Благоразумный пример сестры, вместо того чтобы побудить Мари-Жанну тоже искать счастья в замужестве, замкнул ее, напротив, в эгоистическом стародевичьем прозябании. Она ведет отцовское хозяйство и покорно увядает. По словам соседей, она привередлива и не умеет противиться своим прихотям.

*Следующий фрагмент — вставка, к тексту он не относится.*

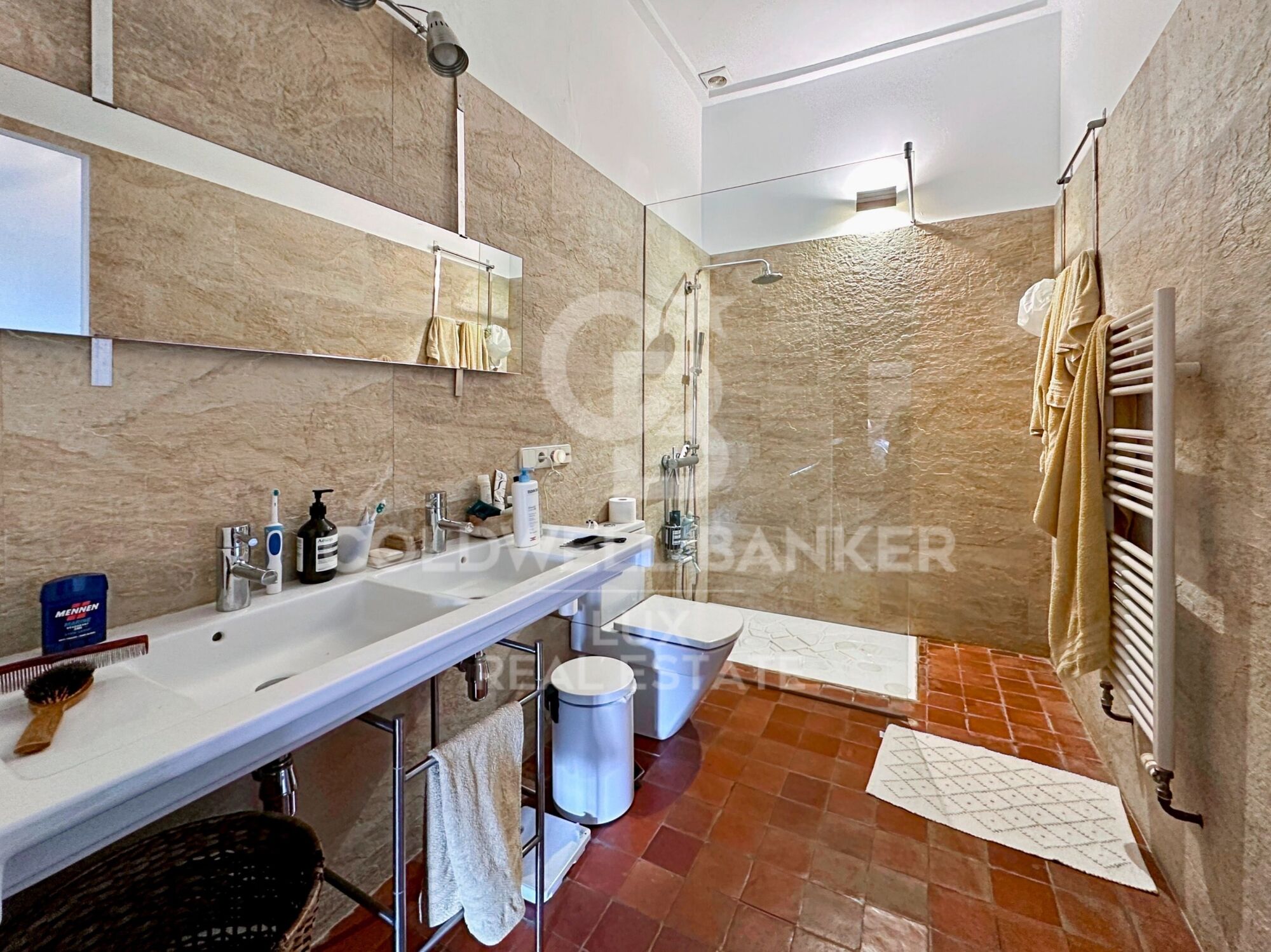 La segunda y última planta le recibe con una encantadora sala de estar equipada con chimenea y aire acondicionado, que también podría utilizarse como habitación adicional. Aquí, encontrará una habitación individual y la majestuosa master suite con vestidor y baño, con acceso a una amplia terraza con vistas al mar y al jardín.
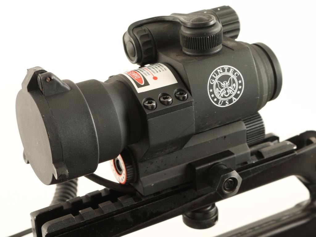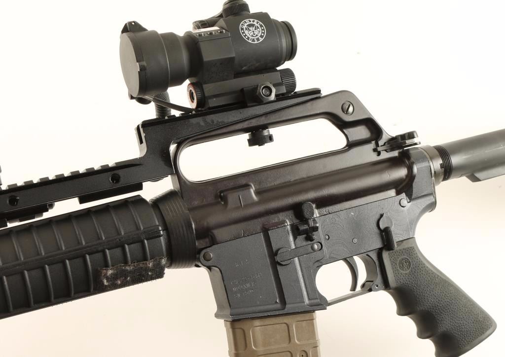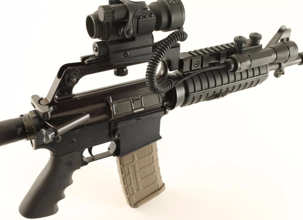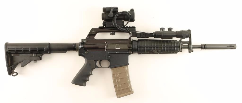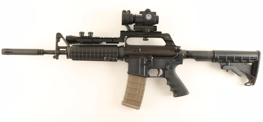 AR platform semi-automatic rifle assembled from various parts and chambered in .223-5.56. Features a black finish, SWG/R.I.A. XM 15 lower receiver, LAR / Martin Marietta upper receiver with integral carrying handle & dual aperture rear sight, bayonet lug, 16.5" barrel with flash hider, A2 style front sight, carbine length handguard, accessory rail with flashlight, red dot & laser, forward assist, manual safety, 30 round Pmag magazine, Hogue rubber coated pistol grip, and a bushmaster six position collapsible stock. Receiver shows milling marks and was like produced pre-ban. Rifle shows light use overall with some edge wear and small blemishes, finish remains 94% intact. Action is strong, bore is bright and stocks are fine. Condition is very good++. ***Modern Firearm***

Так, промечтав все детство о музыкальном образовании и не имея даже возможности — чтобы не повредить политическому положению отца — испытать свои силы на церковной фисгармонии, она убедила мосье Арнальдона купить ей рояль, проспавший не один людской век под двойным чехлом — из кретона и из пыли — в гостиной мадам Массо: почтенный инструмент, почти безгласный, но с басами, обладающими прекрасным тембром китайского гонга. Старый вильграндский настройщик, как водится слепой и слывущий приличным музыкантом, добился того, что мало-помалу вернул его к жизни; чтобы довершить доброе дело, он дает раз в две недели урок Мари-Жанне. Поездка в город обратилась для старой девы в радость, которую она переживает дважды в месяц и к которой готовится заблаговременно: разыгрывает гаммы и чистит перчатки бензином. Впечатлительность у нее такая, что всякий раз накануне она не спит ночь и встает с синяками под глазами и с более чем обычно прыщавыми щеками. Но что ж — только крупица безумия дает познать истинный вкус жизни… Соседи не ошибаются: Мари — Жанна хоть и серьезна, а развлекаться любит.